Red Hat OpenShift Data Foundation is integrated into the latest Red Hat OpenShift Container Platform to address platform services, application portability, and persistence challenges. It provides a highly scalable backend for the next generation of cloud-native applications, built on a technology stack that includes Red Hat Ceph Storage, the Rook.io Operator, and NooBaa’s Multicloud Object Gateway technology.

Red Hat OpenShift Data Foundation is designed for FIPS. When running on RHEL or RHEL CoreOS booted in FIPS mode, OpenShift Container Platform core components use the RHEL cryptographic libraries submitted to NIST for FIPS Validation on only the x86_64, ppc64le, and s390X architectures. For more information about the NIST validation program, see Content from csrc.nist.gov is not included.Cryptographic Module Validation Program. For the latest NIST status for the individual versions of the RHEL cryptographic libraries submitted for validation, see This content is not included.Compliance Activities and Government Standards.

Red Hat OpenShift Data Foundation provides a trusted, enterprise-grade application development environment that simplifies and enhances the user experience across the application lifecycle in a number of ways:

  • Provides block storage for databases.
  • Shared file storage for continuous integration, messaging, and data aggregation.
  • Object storage for cloud-first development, archival, backup, and media storage.
  • Scale applications and data exponentially.
  • Attach and detach persistent data volumes at an accelerated rate.
  • Stretch clusters across multiple data-centers or availability zones.
  • Establish a comprehensive application container registry.
  • Support the next generation of OpenShift workloads such as Data Analytics, Artificial Intelligence, Machine Learning, Deep Learning, and Internet of Things (IoT).
  • Dynamically provision not only application containers, but data service volumes and containers, as well as additional OpenShift Container Platform nodes, Elastic Block Store (EBS) volumes and other infrastructure services.

1.1. About this release

Red Hat OpenShift Data Foundation 4.20 is now available. New enhancements, features, and known issues that pertain to OpenShift Data Foundation 4.20 are included in this topic.

Red Hat OpenShift Data Foundation 4.20 is supported on the Red Hat OpenShift Container Platform version 4.20. For more information, see This content is not included.Red Hat OpenShift Data Foundation Supportability and Interoperability Checker.

For Red Hat OpenShift Data Foundation life cycle information, refer to This content is not included.Product Life Cycles.

1.2. Important notice regarding Regional Disaster Recovery

Important

Do not enroll new workloads for DR protection using Regional Disaster Recovery (RDR) in OpenShift Data Foundation 4.20.0.

It is recommended to wait for a future release where this issue will be resolved.

Chapter 2. New features

This section describes new features introduced in Red Hat OpenShift Data Foundation 4.20.

2.1. Recipes with exec hooks for Disaster Recovery workloads

You can now use recipes with exec hooks in DR workloads.

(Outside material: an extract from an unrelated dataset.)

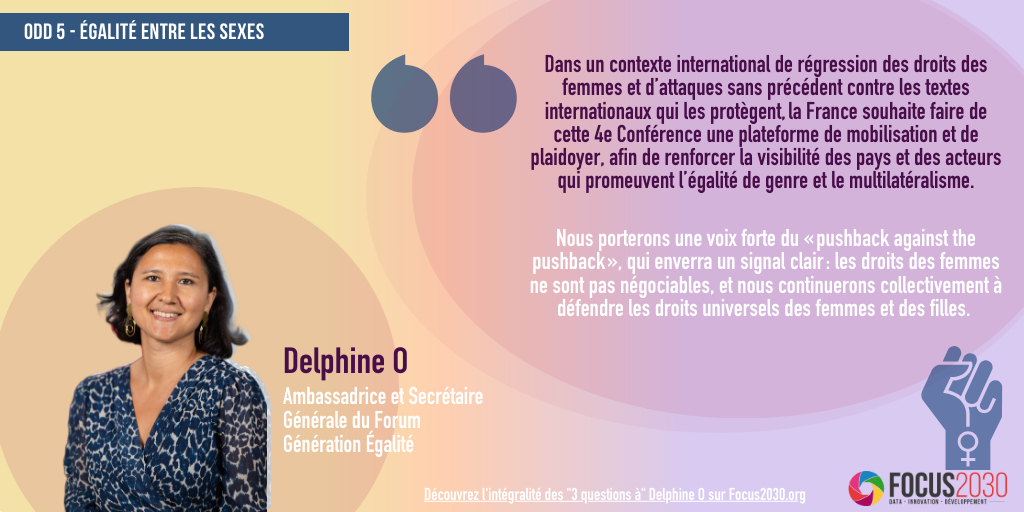 Focus 2030 : Après le Mexique, l’Allemagne et les Pays-Bas, la France s’apprête à accueillir une conférence internationale sur la diplomatie féministe. Quels en seront les enjeux majeurs et les résultats attendus ? Comment maintenir une mobilisation internationale forte alors que certains États, historiquement engagés pour les droits des femmes, semblent aujourd’hui se désengager sous l’effet conjugué de changements d’orientation politique et de coupes budgétaires affectant le financement de l’égalité femmes-hommes dans le monde ?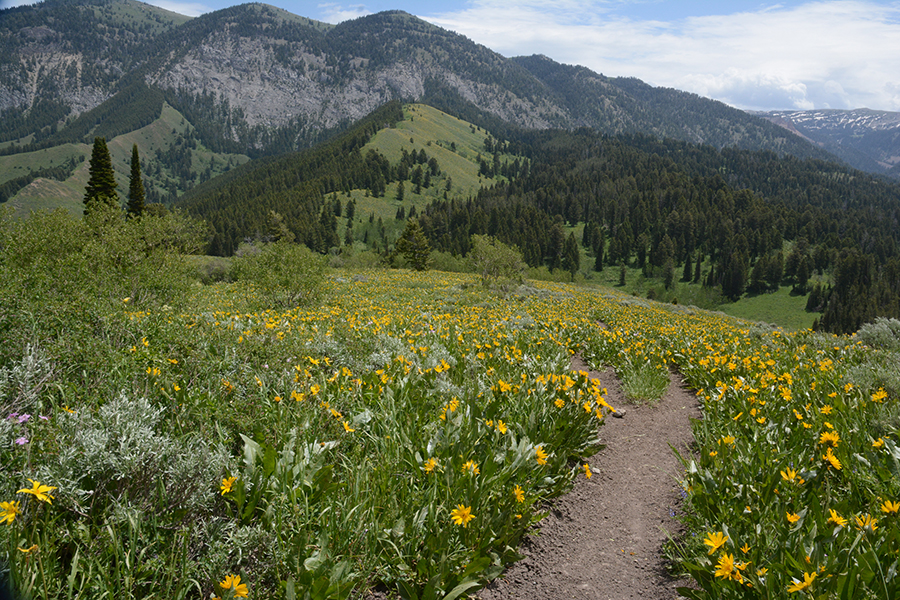 There are so many places to go and see wildflowers right now. Most of these pictures were taken driving around Antelope Flats, out by Kelly Warm Springs, and along the inner park road in Grand Teton National Park. Flowers can be found hiking up around Cache Creek just to the east of Jackson, or Trail Creek just west of Wilson. Munger Mountain and Ann’s Ridge (photo above) to the south have similar open habitats. Note: While flowers may be fading at lower elevations or in more southern parts of the valley, they may well be blooming fresh to the north or higher elevations.

This expands support for a broader range of workloads by enabling more flexible and dynamic execution during DR operations.

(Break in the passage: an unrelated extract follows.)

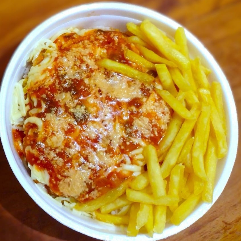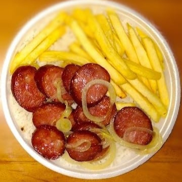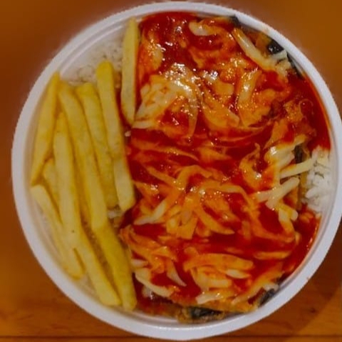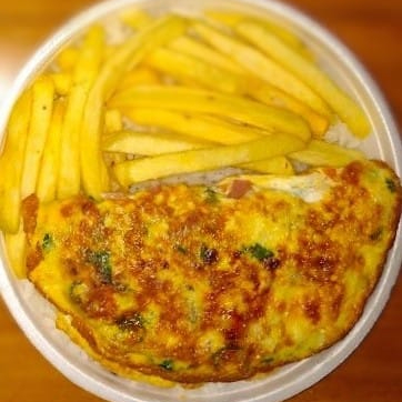 Arroz, (Feijão temperado com coentro fresco e calabresa), Omelete com mussarela tomate picado e calabresa +Fritas.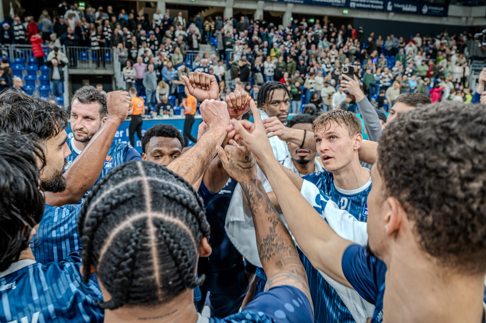 Jubel mit Osun Osunniyi (12; MLP Academics Heidelberg) im Vordergrund

2.2. Independent virtual machine (VM) DR control within namespaces

You can now perform failover and failback operations on individual VMs within a namespace, rather than being limited to managing all DR-protected VMs at once. This is valuable for scenarios like load balancing across clusters, where customers may want to migrate only a subset of VMs in a given namepsace.

Chapter 3. Enhancements

This section describes the major enhancements introduced in Red Hat OpenShift Data foundation 4.20.

3.1. Support forceful deployment of ODF

A new flag has been added to enable forceful deployment of the storage cluster. This helps redeployment with automation.

For more information, see the knowledgebase article Install Red Hat OpenShift Data Foundation 4.X in internal-attached mode using command line interface..

3.2. ODF Multus Support with IPv6

Multus networking feature is enhanced to support IPv6 in addition to IPv4. Either IPv4 or IPv6 can be configured for the Multus network.

For more information, see Multus architecture for OpenShift Data Foundation.

3.3. Automated key rotation and support for missing KMS in encrypted StorageClasses

With this release, annotations required for encrypted StorageClasses are now automatically added when Key Management Services (KMS) are missing. This streamlines key rotation and improves security configuration.

3.4. Pool level health status

Pool level alerts for near full and full status of the pool are now available with actionable messages.

For more information, see Resolving cluster alerts.

3.5. Multicloud Object Gateway

3.5.1. Unified CLI: mcg-cli capabilities integrated into odf-cli

Multicloud Object Gateway (MCG) commands are now available through the odf-cli utility. This enhancement consolidates ODF, Ceph, and MCG operations into a single command-line interface, eliminating the need to download and manage multiple binaries.

3.5.2. Public access limit option for S3 resources in MCG object browser

A new option is available in the MCG object browser to configure public access limits for S3 resources. This enhancement improves control over data exposure and strengthens security for object storage.

For more information about this procedure, see Setting up public access limit to S3 resources using MCG object browser.

3.5.3. Option to disable external access routes to MCG

A new configuration option to disable all routes that enable external access to the Multicloud Object Gateway (MCG). This feature helps ensure that MCG services are only accessible within the OpenShift environment.

For more information, see Securing Multicloud Object Gateway.

3.5.4. Bucket-Level metrics for replication state

New metrics have been introduced to provide detailed visibility into the replication progress of the buckets. These metrics help determine data safety and availability on the secondary site. The following metrics are now available per bucket, per replication cycle:

  • Total number of objects scanned
  • Number of objects successfully replicated
  • Number of objects that failed to replicate

For more information, see Obtaining metrics to reflect bucket replication state.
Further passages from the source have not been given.